I am trying to change a really long table (1955451890 rows -- 278 Gb on the DB) to a wide format using crosstab
from the tablefunc
extension. Following several examples from SO (i.e. Crosstab with unknown format and the PostgreSQL official docs) I have come with a working code, but it's taking ages to run in fairly big AWS RDS instance.
The data looks like this:
| id_source | date | t | geo_id | var_1 | var_2 |
|-----------|------------|---|--------|-------|-------|
| 3 | 2002-01-01 | 1 | 6086 | 3.4 | 4.5 |
| 3 | 2002-01-02 | 2 | 7888 | 6.7 | 2.9 |
| 3 | 2002-01-03 | 3 | 6732 | 5.8 | 6 |
| 4 | 2002-01-01 | 1 | 7888 | 5.8 | 3.4 |
| 4 | 2002-01-02 | 2 | 6015 | 6 | 10 |
| 4 | 2002-01-03 | 3 | 4332 | 8 | 12.5 |
| 7 | 2002-01-01 | 1 | 6086 | 5 | 7.9 |
| 7 | 2002-01-02 | 2 | 6732 | 5.7 | 7.9 |
| 7 | 2002-01-03 | 3 | 7888 | 2.3 | 6 |
And ideally, I would have something like this:
| geo_id | date | t | var_1_id_3 | var_1_id_4 | var_1_id_7 | var_2_id_3 | var_2_id_4 | var_2_id_7 |
|--------|------------|-----|------------|------------|------------|------------|------------|------------|
| 6086 | 2002-01-01 | 1 | 3.4 | | 5 | 4.5 | | 5 |
| 6086 | 2002-01-02 | 2 | | | | | | |
| 6086 | 2002-01-03 | 3 | | | | | | |
| 7888 | 2002-01-01 | 1 | | | | | | |
| 7888 | 2002-01-02 | 2 | 6.7 | | | | 2.9 | |
| 7888 | 2002-01-03 | 3 | | | 2.3 | | | 6 |
| 6732 | 2002-01-01 | 1 | | | | | | |
| 6732 | 2002-01-02 | 2 | | | 5.7 | | | 7.9 |
| 6732 | 2002-01-03 | 3 | 5.8 | | | 6 | | |
| 6015 | 2002-01-01 | 1 | | | | | | |
| 6015 | 2002-01-02 | 2 | | 6 | | | 10 | |
| 6015 | 2002-01-03 | 3 | | | | | | |
| ... | ... | ... | ... | ... | ... | ... | ... | ... |
[It seems really sparse, but is just the example I used].
Following the linked documentation I tried the following query.

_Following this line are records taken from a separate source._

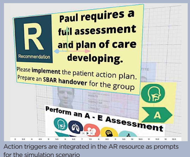
Fig 4. AR handover

Action triggers are integrated in the AR resource as prompts for the simulation scenario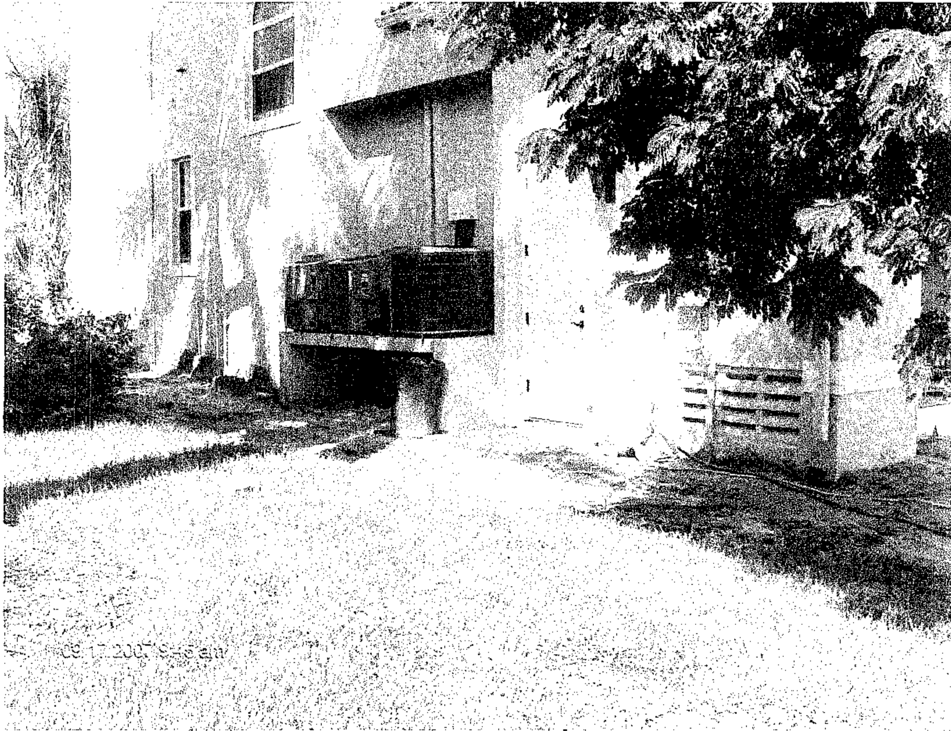
Left Side View 09/17/07

If using the Elevation Certificate to obtain NFIP flood insurance, affix at least two building photographs below according to the instructions for Item A6. Identify all photographs with: date taken; "Front View" and "Rear View"; and, if required, "Right Side View" and "Left Side View." If submitting more photographs than will fit on this page, use the Continuation Page, following.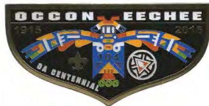
Issue: M-3 Note: OA Centennial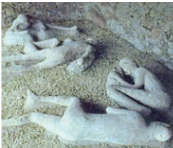
Excavations in Pompeii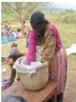
4. Put sponge inside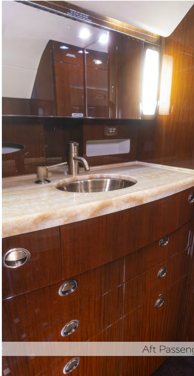
Aft Passenger Lavatory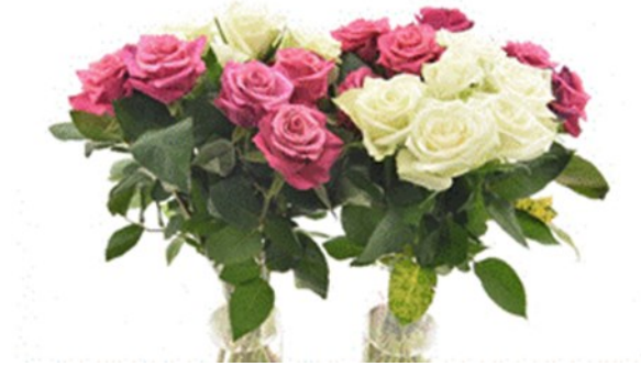
Treatment: Chrysal 99% Bio Based Rosa Total vase life: 18 days Photo taken: day 15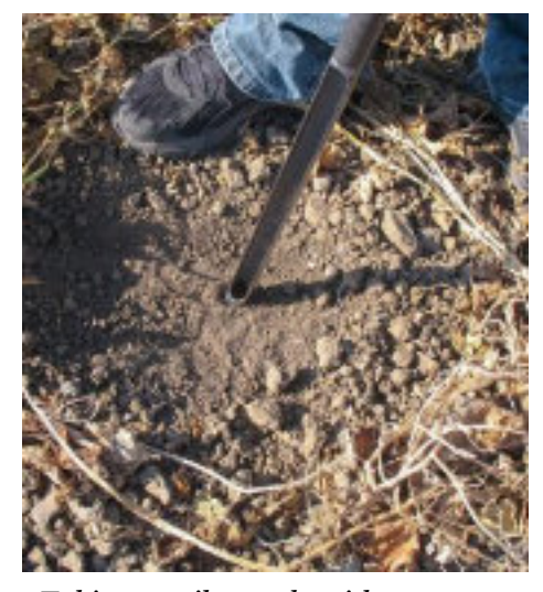
Taking a soil sample with an auger. Note that organic debris on the surface has been moved aside prior to taking the sample.

Office currently closed. Contact us through our <u>Facebook</u> page or <u>submit a question</u> electronically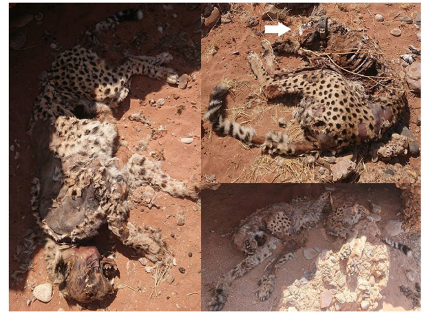
FIGURE 2 | Close up of the carcasses of the three cheetahs. These pictures were taken during the second visit, 22 days after the estimated time of death. Note the GPS collar on the neck of the upper right cheetah pointed out by a white arrow.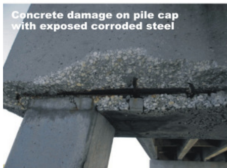
Concrete damage on pile cap with exposed corroded steel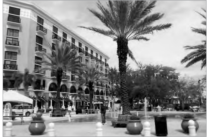
FIG. 12. CLEMATIS STREET CIRCLE, WEST PALM BEACH, FLORIDA, 2010. | MARGARET E. HODGES.

experiencing this sweeping view and high speed, one gradually descends onto the grade-level roads that run parallel to Turcot yards. Here the view is one of the ascension of the Angrignon Interchange that is also part of the proposed levelling process. It is here, when traffic joins in the grade-level stretch, that traffic becomes a problem at rush hour, due to the traffic stops at the Angrignon Interchange. On approaching the centre, the effect of the cantilevered westbound viaduct first hides, then reveals the view to the city centre. Suddenly the city centre landmarks come into view, which is an exciting experience if the traffic is moving at a rapid pace. Today, however, the aesthetic value of the expressway is often marred when the expressway cannot function at normal speeds due to the overburdening of vehicles. According to recent statistics, as many as two hundred and eighty thousand vehicles use the Turcot Interchange daily. 22 The expressway has become inefficient, unhealthy, and dangerous.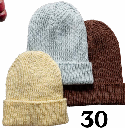
30 Family beanie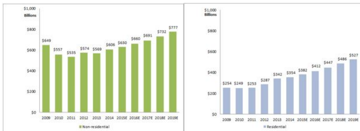
Historical U.S. Total Construction Spend

Schuff consists of three business units spread across diverse steel markets: Schuff Steel Company (steel fabrication and erection), Schuff Steel Management Company (management of smaller projects, leveraging subcontractors) and the Aitken product line ("Aitken") (manufacturing of equipment for the oil & gas industry). For the fiscal year ended December 31, 2015, Schuff Steel's revenues of $470 million account for 92% of Schuff's total revenue. Schuff Steel Management Company's revenues of $26 million account for 5% of Schuff's total revenue. Aitken's revenues of $6 million account for 1% of Schuff's total revenue. Schuff also provides fabricated steel to Canada and other select countries, including Panama, where Schuff owns 49% of Panama-based Schuff Hopsa Engineering, Inc., an engineering design, steel fabrication and erection company, Empresas Hopsa, S.A. Schuff Hopsa Engineering, Inc.'s revenues of $12 million account for 2% of Schuff's total revenue. In 2015, Schuff's single largest customer represented approximately 23% of revenues.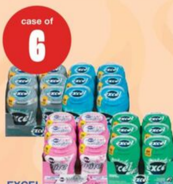
EXCEL GUM BOTTLES SELECTED VARIETIES, 6'S 20253506_C06 20310919002_C06 20310919004_C06 20545872_C06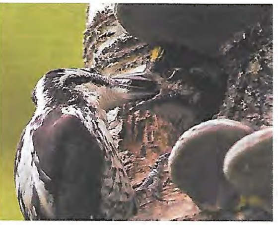
Three-toed Woodpeckers, by Matti Suopajärvi

We finally arrived at the lady's house. She was working outside, wearing a tank top (we were dressed in layers). She

Here I use
CROSSTAB(text, text)
with the first element being the data to reshape and the second element being the categories to represent as columns.Building on the SO question, I add a
pgpsql
part to dynamically set the name of the columns. I have several id_sources, and stating categories manually would be painful
SELECT $$ SELECT * FROM crosstab (
'SELECT source_id
zcta_id,
date_day,
t,
distance_nearest
FROM results.distances_aod_coal_plants_energy
ORDER BY 1, 2, 3',
'SELECT DISTINCT "distance_to_plant" || facility_id AS col
FROM hysplit_partitions.coal_plants'
) AS ct (zcta_id CHARACTER VARYING,
date_day DATE,
t INTEGER,
$$
|| string_agg(quote_ident(id_source::CHARACTER), ' DOUBLE PRECISION, ' order BY id_source) || ' DOUBLE PRECISION )'
from results.distances_aod_coal_plants_energy;
The query runs, but after ~3 hr of computing time I get the following error:
ERROR: out of memory
DETAIL: Cannot enlarge string buffer containing 1073741815 bytes by 19 more bytes.
I know PostreSQL is not particularly friendly to this reshaping, compared to Python's pandas
or R's tidyr
, but loading this sort of data is not straight forward on any of these options, and I do have a strong preference to keep my data inside my DB.
There's an alternative to do this reshapinng either using chunks or table partitioning?